Odevixibat: Synthesis and Application
Jan 16,2024
Synthesis of Odevixibat
Odevixibat is synthesised in two steps by chemical reaction using enfumafungin as a raw material. The specific synthesis steps are as follows:
Step 1: Synthesis of Amine Fragment
To access the first fragment, 2-aminohexanoic acid 12.1 was esterified and treated with benzaldehyde to form imine 12.2, presumably to protect the free nitrogen. Alkylation with n-butyl iodide followed by acidic removal of benzylamine gave amino ester 12.3. Transamidation with aniline and subsequent borane reduction afforded amine fragment 12.4.
Step 2: Preparation of Odevixibat
Bis-bromination of 3-thioanisole 12.5 with bromine in MeOH afforded the dibrominated disulfide 12.6, which was subjected to a one-pot oxidative conversion to sulfonyl chloride 12.7 in good yield. An SN2 reaction between tertiary amine 12.4 and aryl sulfonyl chloride 12.7 gave 12.8, which underwent ring formation by treatment with copper powder and K2CO3 in DMF. Protection of the sulfonamide nitrogen with para-methoxybenzyl bromide preceded demethylation and installation of thioether via SNAr to afford phenol 12.10. The peptidic side chain was then constructed, beginning with O-alkylation with t-butylbromoacetate, followed by protecting group removal under acidic conditions to afford 12.11. Two consecutive amidation reactions were performed with activator TBTU. Amine 12.12 was coupled to 12.11, followed by removal of the t-butyl group with TFA. The second amidation with amine 12.14 followed by in situ removal of the t-butyl group delivered odevixibat in 66% yield.
Application of Odevixibat
Odevixibat is a once-daily small-molecule inhibitor of the ileal bile acid transporter. The drug was developed by Albereo Pharma, Inc. and approved for the treatment of various cholestatic diseases such as progressive familial intrahepatic cholestasis (PFIC), bilary atresia, and Alagille syndrome. Cholesteric liver disease can occur when impaired bile formation and/or flow results in accumulation of bile components within the liver, resulting in liver inflammation, fibrosis, and liver injury. These disease states can lead to jaundice, general fatigue, and pruritus, and in many cases liver transplant is required.

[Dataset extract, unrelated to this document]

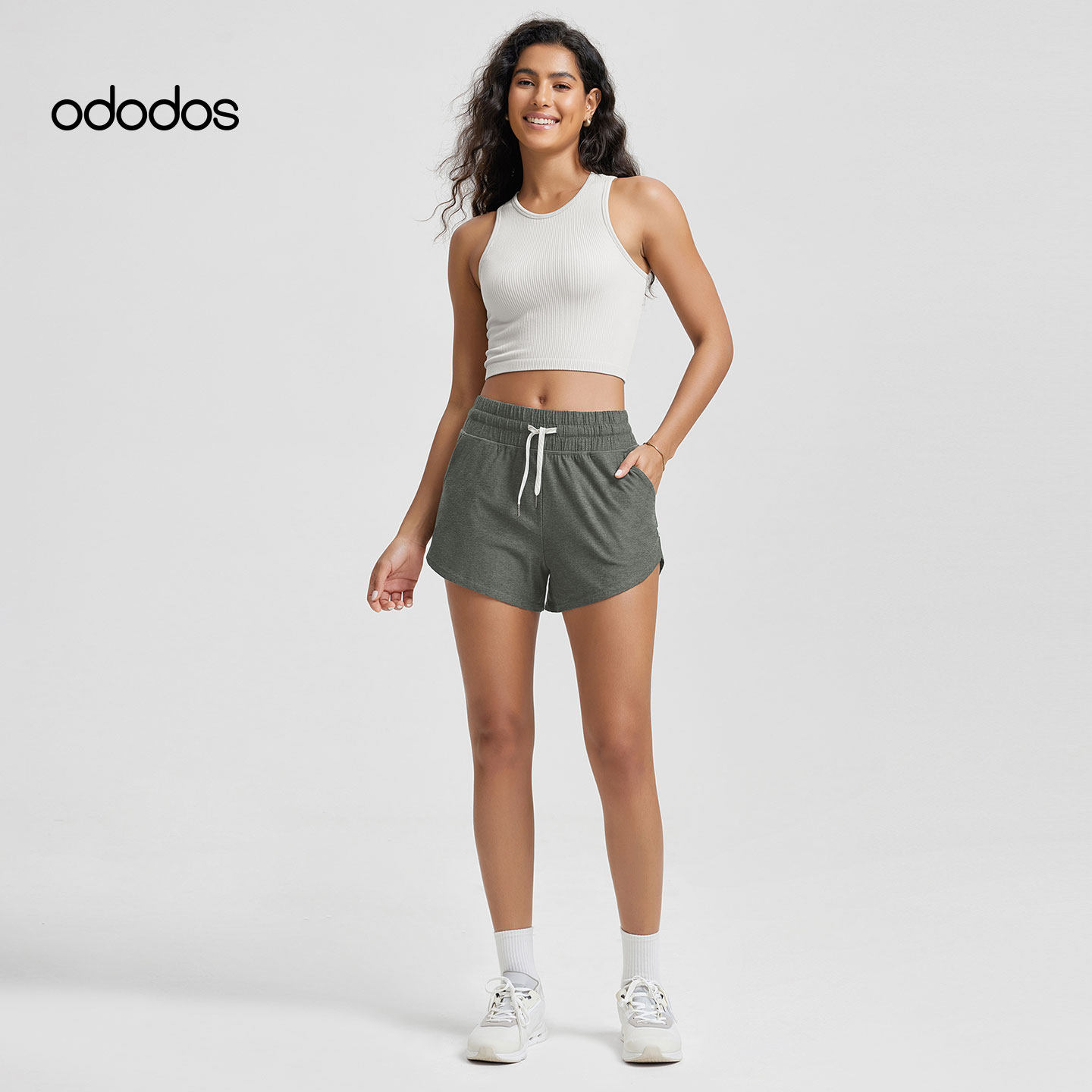 ododos 女士宽松休闲家居服运动可外穿短裤高弹跑步撸铁训练服女

Odevixibat reduces the levels of bile acid in the plasma/serum by reducing uptake in the distal ileum as well as by increasing colon clearance. Odevixibat received USFDA approval for the treatment of pruritus in PFIC patients and EU approval for PFIC patients aged ≥6.128 Odevixibat was granted orphan designations in the US and EU for the treatment of Alagille syndrome, biliary atresia, and primary biliary cholangitis.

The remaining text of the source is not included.